二等分搜索信用卡债务的最低支付:答案总是偏离

时间:2013-02-25 22:16:50

标签: python bisection

我的代码:

balance = 320000
annualInterestRate = 0.2

originalBalance = balance
month = 1
monthly_interest = annualInterestRate / 12
low = originalBalance/12
high = (originalBalance*(1 + monthly_interest)**12)/12
epsilon = 0.01
min_payment = (high + low)/2.0

while min_payment*12 - originalBalance > epsilon:
    while month < 13:
        balance = (originalBalance - min_payment)/10 * (1+ monthly_interest)
        if balance <= 0.00:
            low = min_payment
            min_payment = (high + low)/2.0
        elif balance > 0.00:
            high = min_payment
            min_payment = (high + low)/2.0
        month += 1
print "Lowest payment: " + str(round(min_payment, 2))

然而,我得到26666.0,而我实际上应该得到29157.09。
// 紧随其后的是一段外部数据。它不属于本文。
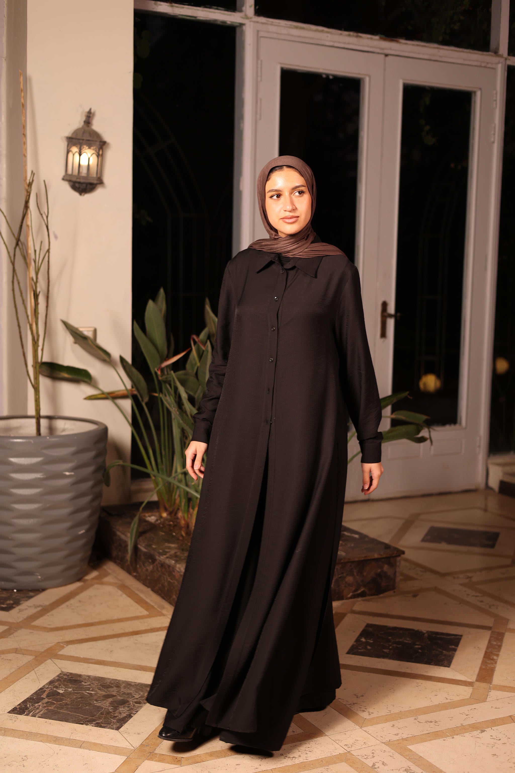 Elegant black long shirt featuring a striking high slit design for modern movement and style. Crafted from quality fabric, this versatile piece transitions seamlessly from casual to formal occasions. The flowing silhouette and dramatic slit detail create a sophisticated look that flatters various body types. Perfect for layering or wearing as a statement piece.

我做错了什么?

3 个答案:

答案 0 :(得分:2)

您忘了重置month - 它会转到13,然后内部循环再也不会运行。

balance = 320000
annualInterestRate = 0.2

originalBalance = balance
month = 1
monthly_interest = annualInterestRate / 12
low = originalBalance/12
high = (originalBalance*(1 + monthly_interest)**12)/12
epsilon = 0.01
min_payment = (high + low)/2.0

while min_payment*12 - originalBalance > epsilon:
    month = 1          # < -- do this
    while month < 13:
        balance = (originalBalance - min_payment)/10 * (1+ monthly_interest)
        if balance < 0.00:
            low = min_payment
            min_payment = (high + low)/2.0
        elif balance > 0.00:
            high = min_payment
            min_payment = (high + low)/2.0
        month += 1
print "Lowest payment: " + str(round(min_payment, 2))

答案 1 :(得分:0)

我认为我看到的一个错误就是你说high = (originalBalance*(1 + monthly_interest)**12)/12。这样做是将high设置为余额乘以一和利息之和。这可以。但是,您正在使用该数字并将其置于12的幂,然后将其除以12.在您的代码中,balance = 3000。加上两个百分点等于3060.这个数字到12的幂超过6.74 e + 41,这个数字我不明白。除以12仍然是5.61 e + 40.这个数字是如此之长,程序将崩溃(或非常慢)。必须先改变它,然后才能发挥其他作用。

答案 2 :(得分:0)

我正在进行同样的练习,这是我注意到你的代码: 你写道:

if balance <= 0.00:
  low = min_payment
  min_payment = (high + low)/2.0

但是,我认为你应该设置高等于min_payment。如果余额小于零,那么你支付的金额太多了,所以你的新二分搜索需要找到一个低于你上一次min_payment猜测的数字。